Book Read Free

Winkie

Page 2

by Clifford Chase


  “Take it easy,” said the detective sternly, but the officer paid no attention. He was breathing hard and yammering something about a “talking bear.” The chief glanced uneasily at the journalists, who were filming, taking photographs, writing on notepads. It would only make matters worse now to order them away. “… then the little critter blinked,” the young officer was saying. He had to lean over onto his knees to catch his breath, but he kept jabbering. “… and I thought, What the? …” As the cameras flashed, the chief stared down at the top of the young man’s bare head, shaved to dark nubs. “… at first we thought he was dead …” They all shaved their heads nowadays, the chief thought, to look tough. But then they just fell apart in a crisis. They spoke gibberish. “… so I’m saying, ‘I didn’t mean to shoot ‘im,’ when I hear this little high voice, kinda raspy, and I look and it’s him—the bear, I mean—and he says, I don’t know, he says he forgives me …”

  Actually Winkie didn’t forgive him. Rather, the bear had said, “OK, OK,” and he only said that to make him be quiet. Apparently it worked, because the young officer ran off. Winkie’s middle hurt. He guessed that he had been shot.

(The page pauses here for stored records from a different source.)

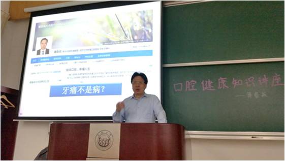 2015年5月7日晚,爱牙协会请来了565net必赢客户端牙体牙髓二科主任蒋备战老师在本部做了一次关于日常口腔健康问题的讲座,此次讲座面向大学全体师生,将专业的口腔护理知识带进了校园各个角落。
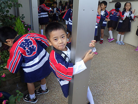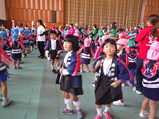 伝統を受け継いだ年中児も気合いの入ったかけ声!
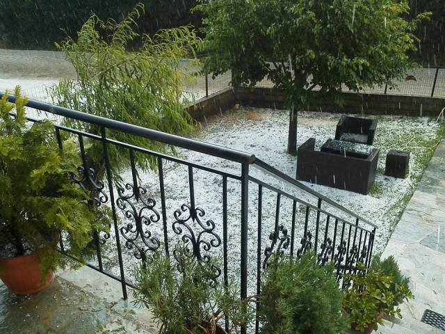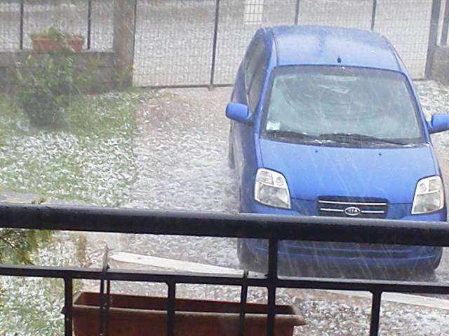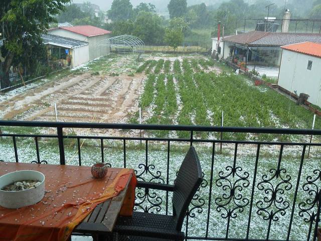 Από τη μια στιγμή στην άλλη ο ουρανός μαύρισε. Μέσα σε λίγα λεπτά οι ουρανοί άνοιξαν και το χαλάζι κάλυψε τα πάντα.
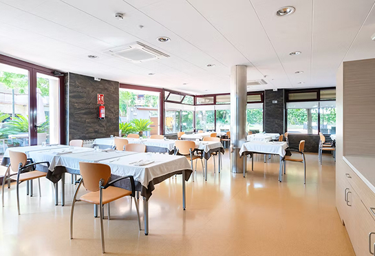 Contamos con un comedor luminoso, adaptado a personas con movilidad reducida, donde se sirve alimentación elaborada en cocina propia y con menús personalizados según las necesidades dietéticas.
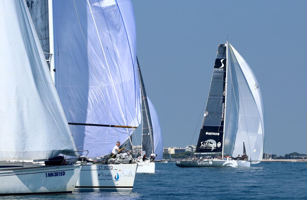 Partenza dal pin per Anywave Safilens il 63 piedi di Alberto Leghissa che ha scelto di tenersi discosto dalla flotta lasciandosi alle spalle per primo il cancello della Chiesa della Madonna dell’Angelo, in direzione boa foranea di Grado.
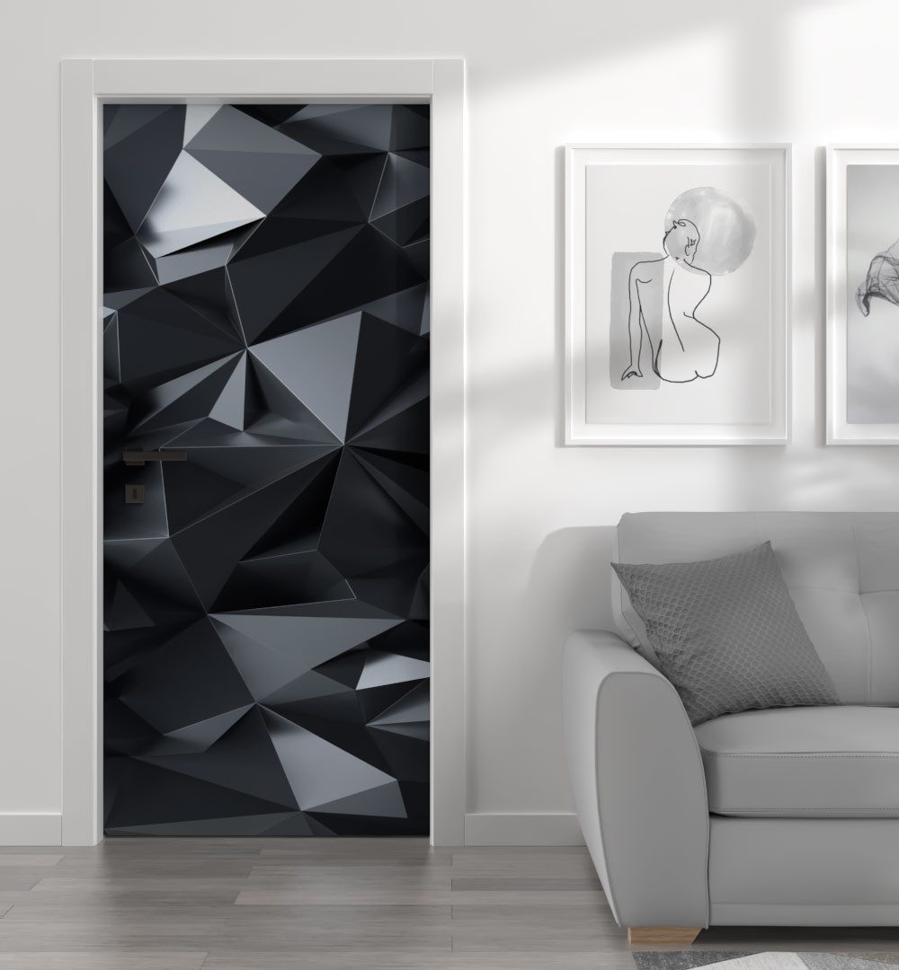 Die Türtapete Polygone Nr. 2 besteht aus einem qualitativ hochwertigen Vinyl Material und wird mittels moderner Digitaldrucktechnologie mit deinem Wunschmotiv bedruckt.
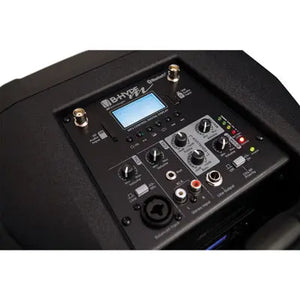 The system is equipped with: one 1"compression driver exit and one 10" woofer. The input section allows the user to connect: up to three wired inputs, one wireless microphone, and different media inputs (including Bluetooth? ). Users can also connect the audio output to a second speaker. The control section is equipped with an equaliser and a CH1/RF priority function that attenuates the level of every channel but Channel 1 and the Radio microphones for a smooth automatic ducking effect.
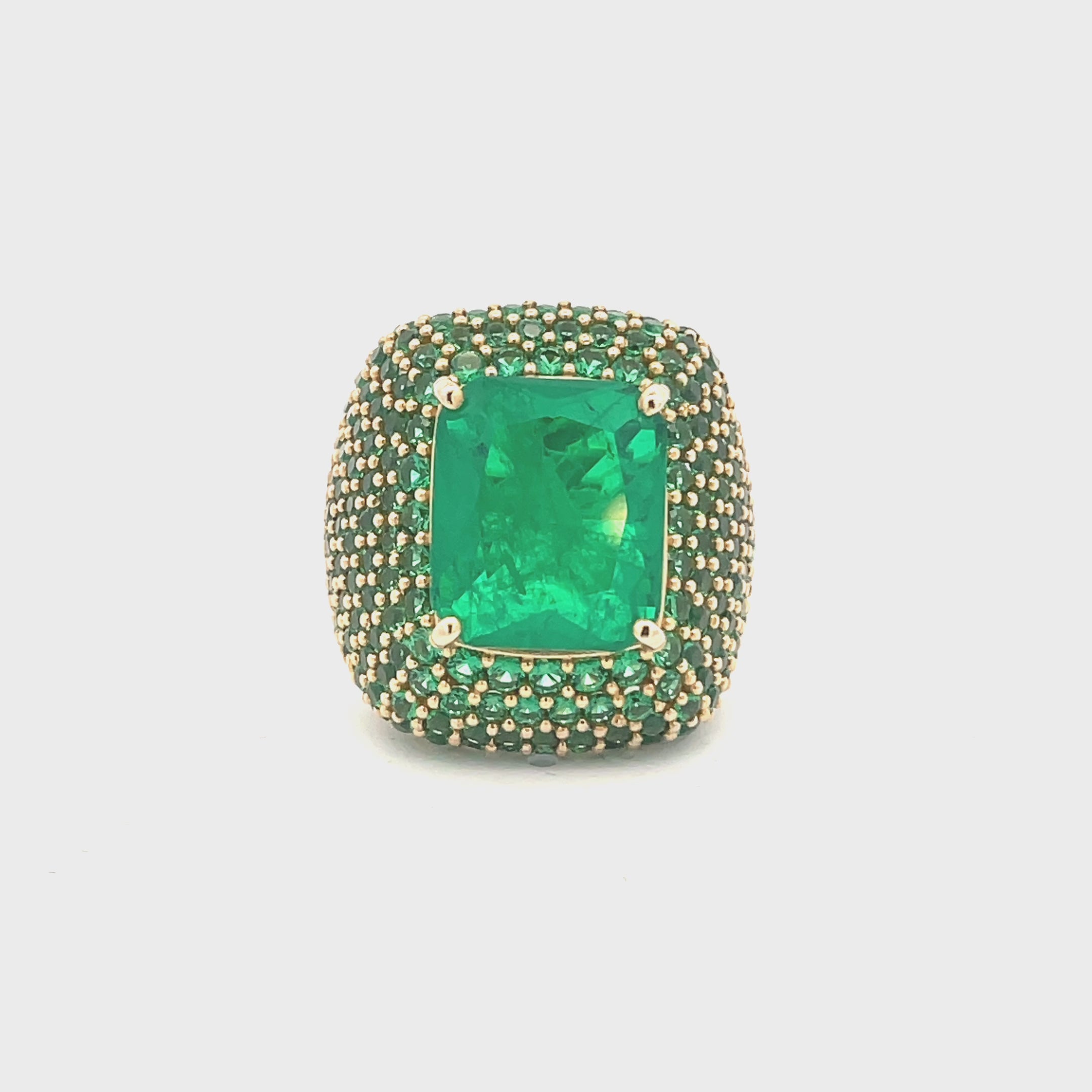 A yellow gold plated ring, lavishly adorned with emerald green cubic zirconia stones, featuring a large emerald green doublette in the center.

He wasn’t sure if he couldn’t move or if he just didn’t feel like it. He didn’t know if he was in great pain or just annoyed. He moaned experimentally but it didn’t make things any more clear.

  The officers didn’t seem to know what to do. One said, “You ain’t such a bigshot bomber now, huh, motherfuck?” Winkie had no idea what he was talking about. The others told the man to shut up. Their radios squawked. “Chief’s coming,” said someone. It was half warning, half reassurance.

  There was a tramping sound, a murmuring of the men; the wall of uniforms parted, and the chief marched through. He stood there a moment looking down at Winkie. He was handsome with a big square gray head that Winkie liked immediately. Abruptly the chief turned to his men. “Well, what are you doing just standing there?” It was the same voice that had come from the helicopter, and it spoke with the same miraculous authority, as if from on high.

  On his way from the helicopter to the cabin, the chief had once again composed himself. The contrast of the overexcited young officer had actually helped. He enunciated his next command carefully: “This suspect is no different from any other criminal.”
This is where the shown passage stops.